Figures tendered at a parliamentary inquiry reveal the budget for the South Western Local Health District has been set at $1700 per resident — 30 per cent less than the $2500 budgeted for those who live in the Sydney Local Health District.
It is a similar story for the Western Sydney Local Health District which receives $1750 per resident.
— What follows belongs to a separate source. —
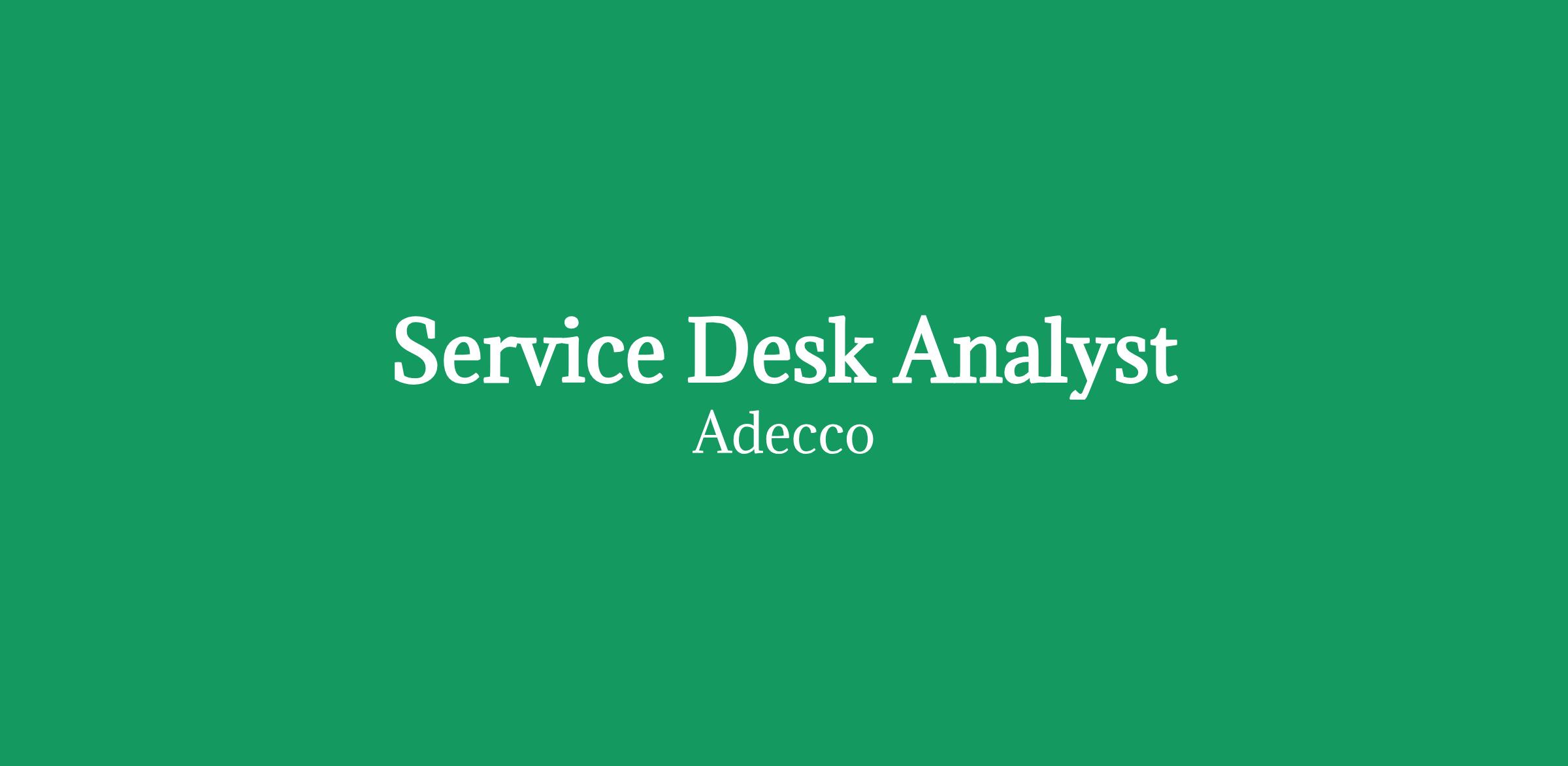 Adecco are please to be recruiting for a Service Desk Analyst for our client Southern Water in the Sussex area.

In contrast the Central Coast gets $2300 and the Nepean-Blue Mountains area $1950.
The stark numbers were revealed by the head of the Macarthur Cancer Centre, at Campbelltown Hospital, who said they were behind huge disparities in cancer treatment across Sydney.
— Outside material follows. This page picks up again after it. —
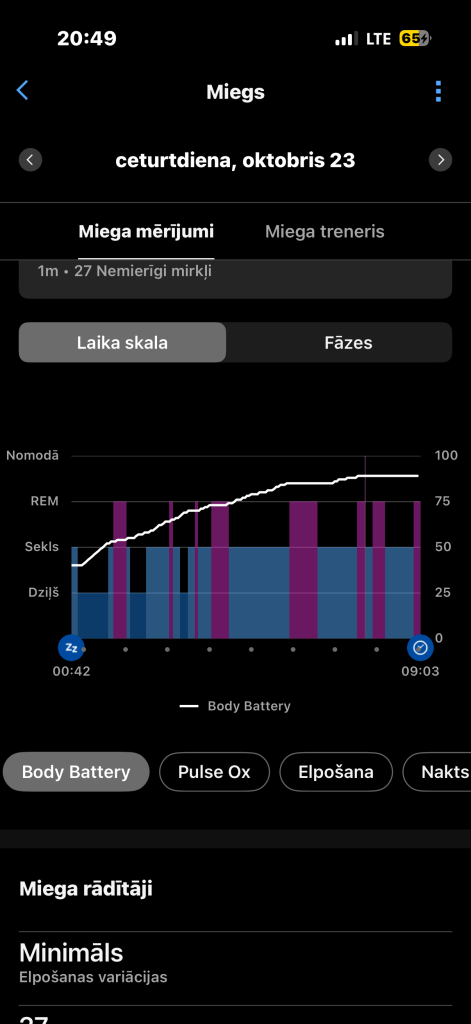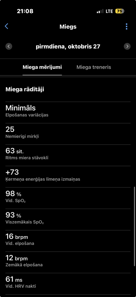 Uzreiz pēc pamošanās ķēros pie miega datu analīzes. Ieejot lietotnē un uzspiežot uz attiecīgās dienas mērījumiem, ir iespēja piekļūt uzskatāmiem miega mērījumiem.

THE GREAT DIVIDE — SYDNEY’S HEALTH CRISIS
Part One: south west patients funded $800 less per person than Sydney residents
Part Two: south west patients forced to travel hours for treatment
Part Three: leaders are calling for a new hospital at Aerotropolis
Part Four: 24,000 new medical students needed to fight west’s growth
Part Five: Patients waiting 300 days for surgery in south west Sydney
Part Six: south west teens shock youth suicide numbers as specialist staff numbers revealed
Associate professor Dr Stephen Della-Fiorentina said breast cancer patients were having to pay up for their own mammograms because there were no machines at Liverpool or Campbelltown hospitals. Out of pocket costs ranged from $50 to $150.
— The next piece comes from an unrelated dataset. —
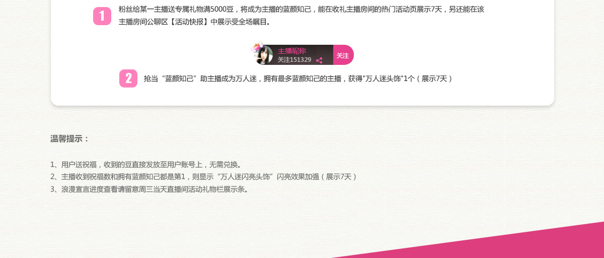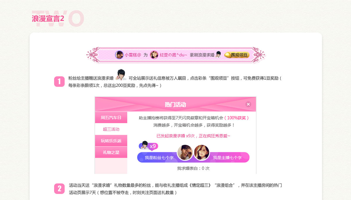 *活动祝福=获得祝福次数*20。例如主播获得求婚祝福次数2次,则分值为40

He said Campbelltown had only nine chemotherapy treatment chairs and an average of two terminally ill patients were dying in the hospital emergency department each month because of a lack of specialist palliative care beds.
Dr Della-Fiorentina said statewide services provided within the Sydney Local Health District — such as burns units, liver transplantation and peritonectomy — did not excuse the $800 shortfall “for every man, woman and child” in south west Sydney.
“Many of our staff have worked and currently work in other LHD’s and there are clear imbalances in (a) number of medical, nursing, pharmacy, allied health and administration staff and the availability of adequate chemotherapy chairs and palliative care beds for our population,” he told the inquiry, which is examining the impact of developing Western Sydney airport.
While a $632 million plan by Health Infrastructure for the redevelopment of Campbelltown Hospital is expected to see an increased capacity in radiation services, Dr Della-Fiorentina said there will be no increase in chemotherapy chairs “until late 2023”.
He raised serious concerns over a lack of access to other health services, including 1300 new cancer patients last year fighting for access to 15 hours of clinical psychology time provided a week and Campbelltown blood cancer patients being forced to travel 30 minutes to Liverpool Hospital for chemotherapy.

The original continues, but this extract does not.